*RECORDS SHOWN*.
■ ■ ■ ■ ■ ■ ■

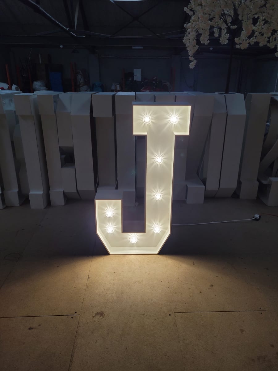 Make a lasting impression with our LED light up letter J. Contact us today to book this stunning decor piece for your event.
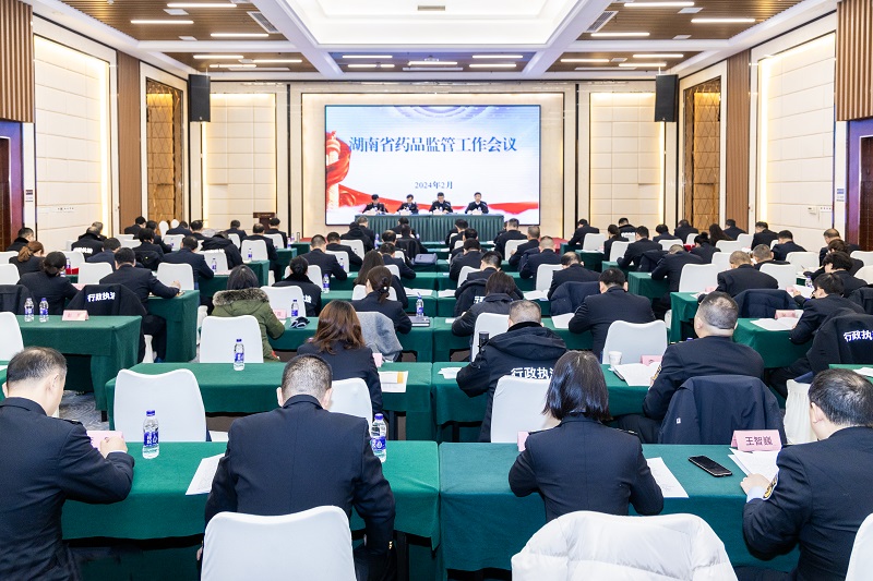 2月27日,湖南省药品监管工作会议在长沙召开。会议以习近平新时代中国特色社会主义思想为指导,深入贯彻党的二十大精神,认真落实中央和省委经济工作会议、省“两会”、全国药品监管工作会议、全省市场监管工作会议部署要求,总结2023年全省药品监管工作,分析当前形势,安排2024年重点工作。省市场监管局党组书记、局长钱俊君出席会议并讲话,省药监局党组成员、副局长覃永忠作工作报告,省药监局党组成员、副局长彭旭明主持会议。
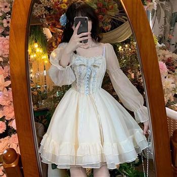 YF3706-图片色甜美公主蕾丝连衣裙 优雅时尚秋冬长袖方领绑束胸蓬蓬裙
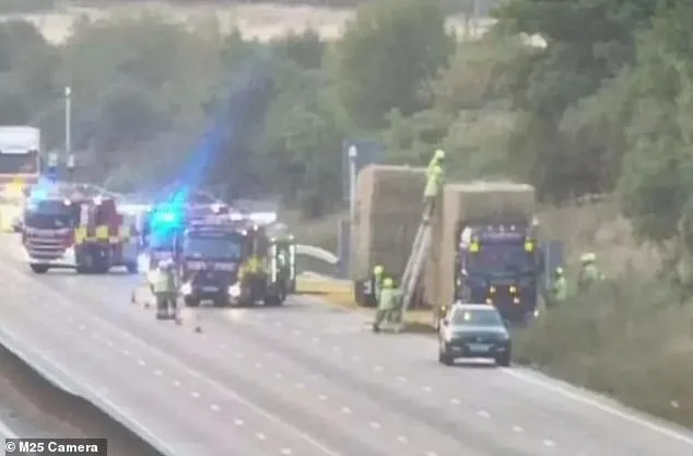 Sebuah truk yang membawa bal jerami terbakar antara Junction 25 di Enfield dan Junction 24 di Potters Bar
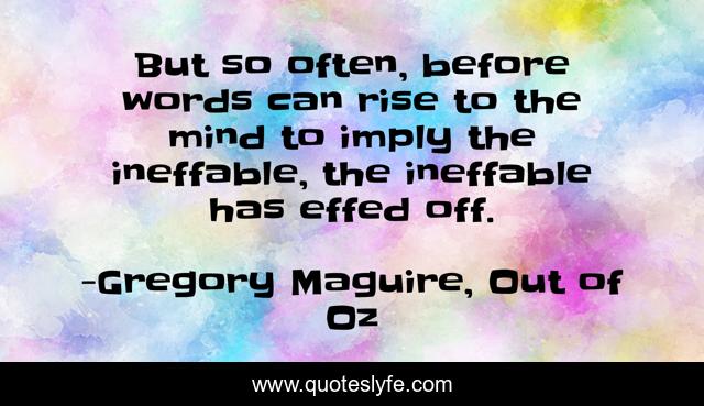 This page presents the quote "But so often, before words can rise to the mind to imply the ineffable, the ineffable has effed off.". Author of this quote is Gregory Maguire, Out of Oz. This quote is about ineffable, words,.
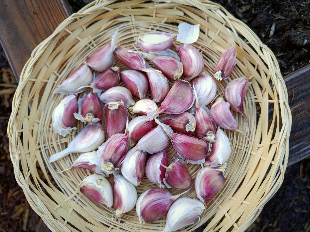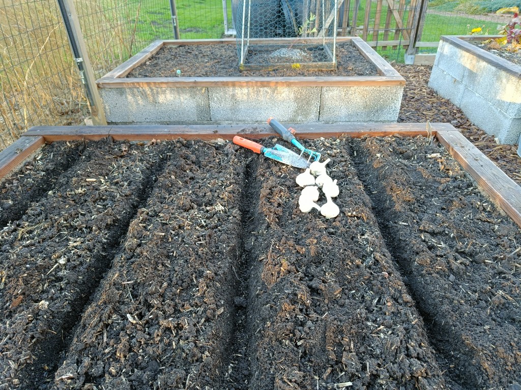 Päiväkirjamerkintöjeni mukaan olen viimeisten viiden vuoden aikana istuttanut talvivalkosipulit lokakuun 24. päivän ja marraskuun 13. päivän välillä. Oikea istutusajankohta on aina vähän arpapeliä. Kynsien tulisi ehtiä juurtua ennen maan jäätymistä, mutta toisaalta ne eivät saisi kuitenkaan lähteä kasvattamaan maan pintaan nousevia versoja.
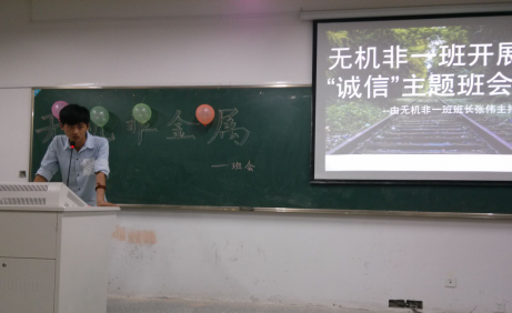 2016年5月29日晚自习,15级土木工程系无机非金属材料工程专业1班的全体同学在103教室举办了关于“诚信”的主题班会。此次班会旨在提倡同学们树立诚信的良好品质,在生活中坚持“诚信为本”,养成讲诚信的好习惯。特别是在接下来的期末考试中,诚信参考尤为重要。

■ ■ ■ ■ ■ ■ ■

*WHAT IS NEEDED*. Provide an exact copy of only the lines from the beginning of the entries through the line containing "Sebuah truk yang", both ends included, with no pictures.

*ANSWER SPACE*.
 Make a lasting impression with our LED light up letter J. Contact us today to book this stunning decor piece for your event.
 2月27日,湖南省药品监管工作会议在长沙召开。会议以习近平新时代中国特色社会主义思想为指导,深入贯彻党的二十大精神,认真落实中央和省委经济工作会议、省“两会”、全国药品监管工作会议、全省市场监管工作会议部署要求,总结2023年全省药品监管工作,分析当前形势,安排2024年重点工作。省市场监管局党组书记、局长钱俊君出席会议并讲话,省药监局党组成员、副局长覃永忠作工作报告,省药监局党组成员、副局长彭旭明主持会议。
 YF3706-图片色甜美公主蕾丝连衣裙 优雅时尚秋冬长袖方领绑束胸蓬蓬裙
 Sebuah truk yang membawa bal jerami terbakar antara Junction 25 di Enfield dan Junction 24 di Potters Bar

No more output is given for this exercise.